De plus en plus troublé, Remus s'arrêta à quelques mètres et décida de l'appeler doucement.

« Kreattur… ? C'est bien toi ? »

Le petit corps amorphe se raidit brusquement, mais toujours aucun bruit. Il ne chercha même pas à se retourner.

« Kreattur. » Insista Remus en recommençant à avancer tandis que la ride sur son front se creusait davantage.

Finalement, étonné par l'absence total de réaction de la petite silhouette toujours ratatinée sur le sol, le loup-garou se pencha en avant, posa une main sur l'épaule d'une maigreur terrifiante, et malgré une faible résistance, força l'elfe à se retourner. Il le regretta presque aussitôt tandis qu'un haut-le-cœur le saisissait brusquement et que l'horreur de la situation le repoussait en arrière comme une gifle en plein visage.

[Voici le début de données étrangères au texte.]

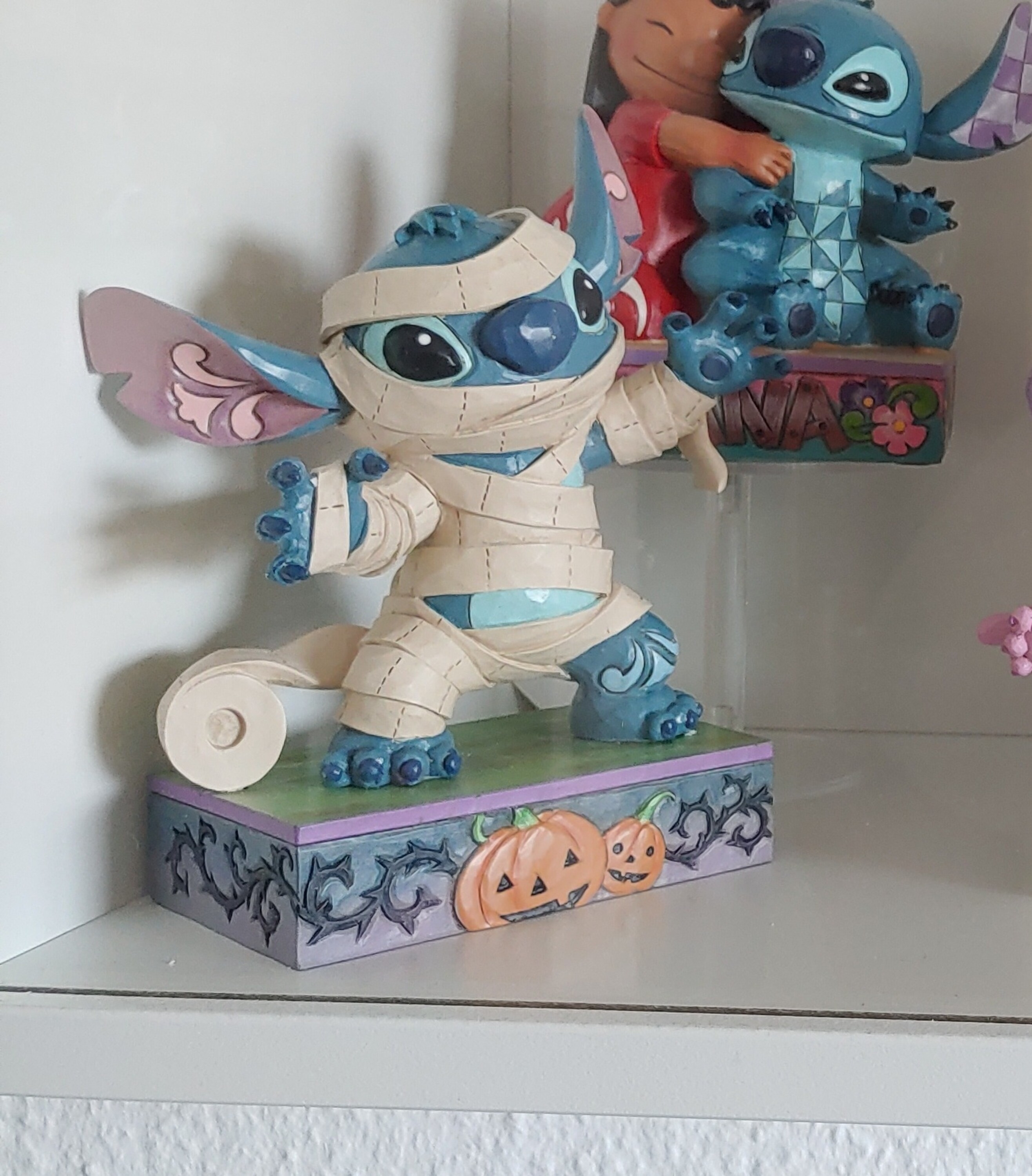Adorable figurine de Stich. Super bien détaillée. De belle taille. Idéale pour décorer la maison 🏠 au moment d’Halloween ou pas d’ailleurs 😉Trop belle ❤️

Devant lui, il ne restait plus du visage de Kreattur qu'un regard aveugle, recouvert d'un voile blanchâtre qui tranchait sinistrement avec l'abominable spectacle de sa bouche cousue grossièrement par une épaisse ficèle qui perçait la chair infectée comme un ver, enfouie sous d'innombrables croûtes de sang sec. Ses lèvres n'étaient plus que charpie d'où suintait une salive brune et purulente et chacun de ses os paraissait sur le point de déchirer sa peau tendue sur ces pointes comme une vieille toile de papier usé.

Le souffle coupé par tant d'atrocités, Remus eut toutes les peines du monde à reprendre le contrôle sur son corps tétanisé. Il tenta de déglutir mais n'y parvint pas, et s'accroupit devant la pauvre bête mutilée qui se colla un peu plus au mur en sentant cette présence qu'elle ne reconnaissait pas s'approcher autant.

« Que t'ont-ils fait… » Murmura Remus d'une voix blanche.